Tamzin Elliott on January 17, 2019
Sarah Hennies | Credit: Walter Wlodarczyk Photography

Given a rainy Monday night in Los Angeles and a contemporary concert program, the curators of Monday Evening Concerts did something right because the house was packed and buzzing in Zipper Hall yesterday evening. That thing that they did right? Programming a Julius Eastman piece next to a recent work by Sarah Hennies.

Sarah Hennies

The richness of the music outshone even the video mishap that resulted in Sarah Hennies’s Contralto having to be completely restarted. Contralto, written in 2016–17, is an incredible, hour-long work for video, strings, and percussion. The piece revolves around the term “contralto,” which describes the lowest range of the female singing voice. For a trans woman like Hennies, “contralto” presents an interesting envelope in which to think about trans-feminine voices, which, unlike those of trans-masculine people, are not affected by hormone therapy and remain lower. The video follows seven women of varying ages and personalities doing speech and singing exercises to develop cadence and tone that is more affirming of their identities.

Like a play, a large part of the experience was becoming invested in the women through their voices and unique responses to the exercises. Not to reduce real people to characters, but it would be hard not to feel that their personalities were integral to the piece after looking into their eyes for an hour. Hennies’s music sounded like a combination of mental chatter and visceral sensation. In waves, the percussionists skittered between light taps on a snare drum and ringing small handbells. The strings slid in pitch up and down past each other, arriving at chords stretched out like giant Alice in the rabbit’s house. One striking pairing of this music with the video was when the women seriously, if sheepishly, produced a nasal “EE,” the silliness of the sound paired with loud ringing of hand bells. The result was shimmering, endearing embarrassment.

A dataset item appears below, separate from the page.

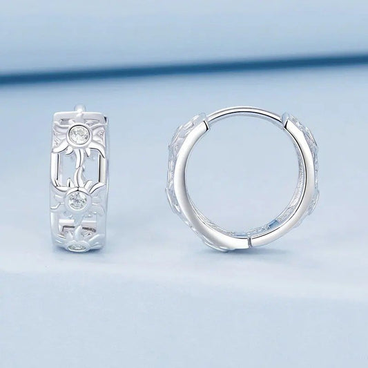 Huggie Earrings Ice Flower Zirconia Platinum Plated Hoop Earrings

The late composer Julius Eastman

Contralto came after a riveting performance of Julius Eastman’s Gay Guerilla. Eastman was a composer active in the 1970s and ’80s in New York, and while he was a considerable force at the time, he died homeless and seemingly forgotten in 1990, many of his scores lost or thrown away. Renewed interest in reviving his work has led to performances like these, and it isn’t without a tinge of trying to make up for harm done. Gay Guerilla, a 30-minute work that flows like a muscle flexing and releasing, was played with ferocious love by pianists Todd Moellenberg, Brendan Nguyen, Adam Tendler, and Richard Valitutto. Beginning with light, layered, repeated notes, rising gently, the texture thickens as more notes are added in more insistent rhythms. At the highest wail of the piece, you could hear the bass strings of all the pianos buzzing and clacking together. The silence after the sound faded was deservedly long.

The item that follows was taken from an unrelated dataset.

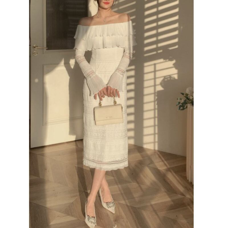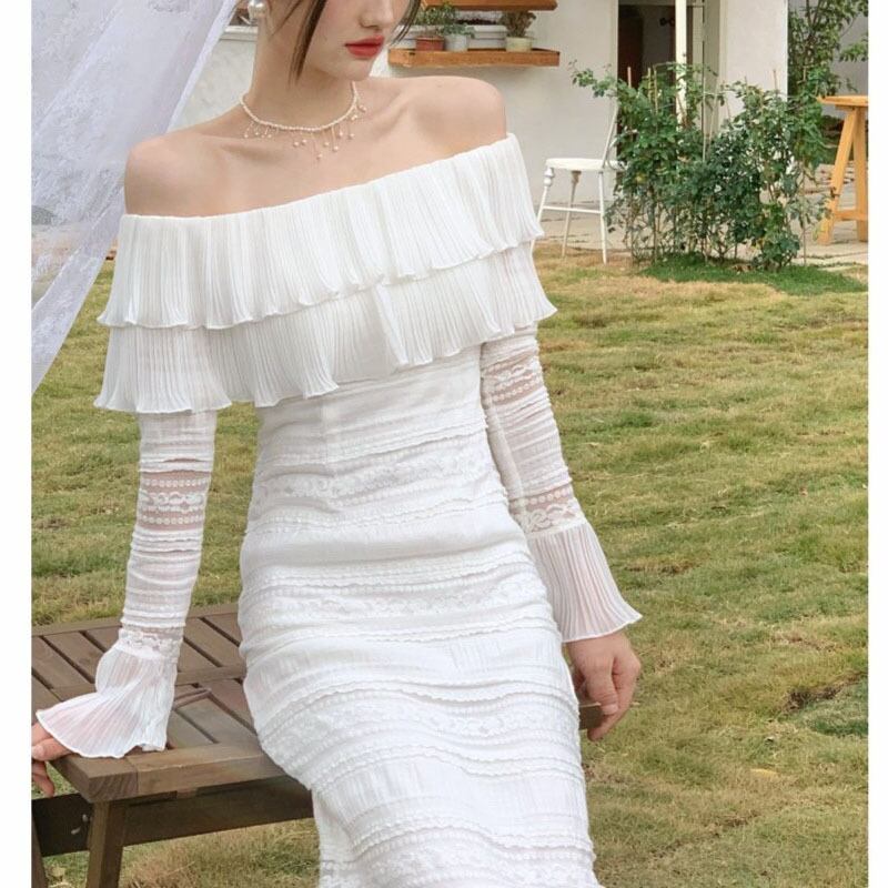 Aライン スラッシュネック 気質 オフショルダー ホワイトケーキドレス Vestidos De Bodycon フルスリーブ レディース フリル ロングドレス

This concert was somewhat clumsily titled “The Gender of Sound,” and while Hennies’s piece clearly dealt with the topic, there was a weird conflation of gender and sexuality in the inclusion of Eastman’s Gay Guerilla (1979) under this umbrella. It was made clear that Eastman meant his piece as declaration of his will to put his life on the line for gay rights. Gender identity and the fight for gay rights are connected, but there was a more nuanced reason why these two pieces truly did make a great program together.

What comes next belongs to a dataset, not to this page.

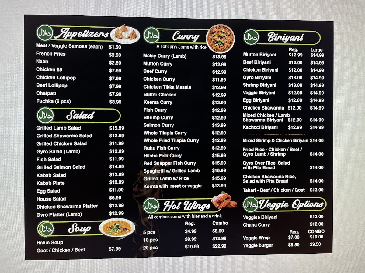 Biryani enthusiasts will find several options to satisfy their cravings, such as the Beef Biryani and Chicken Biryani, available in both regular and large sizes. For those looking for something extra, the Chicken Shawarma Biryani offers a fusion twist on the classic dish.

There is a dire need for art that paints marginalized people with a full depth of color and expression. These pieces did that, largely because the authors themselves are of those marginalized communities. Compassion is the unity that I sensed from the programming last night. I left the hall feeling that I had just heard the work of a man honoring himself deeply, and that of a woman considering herself and women like her to a degree that I have never seen on stage before.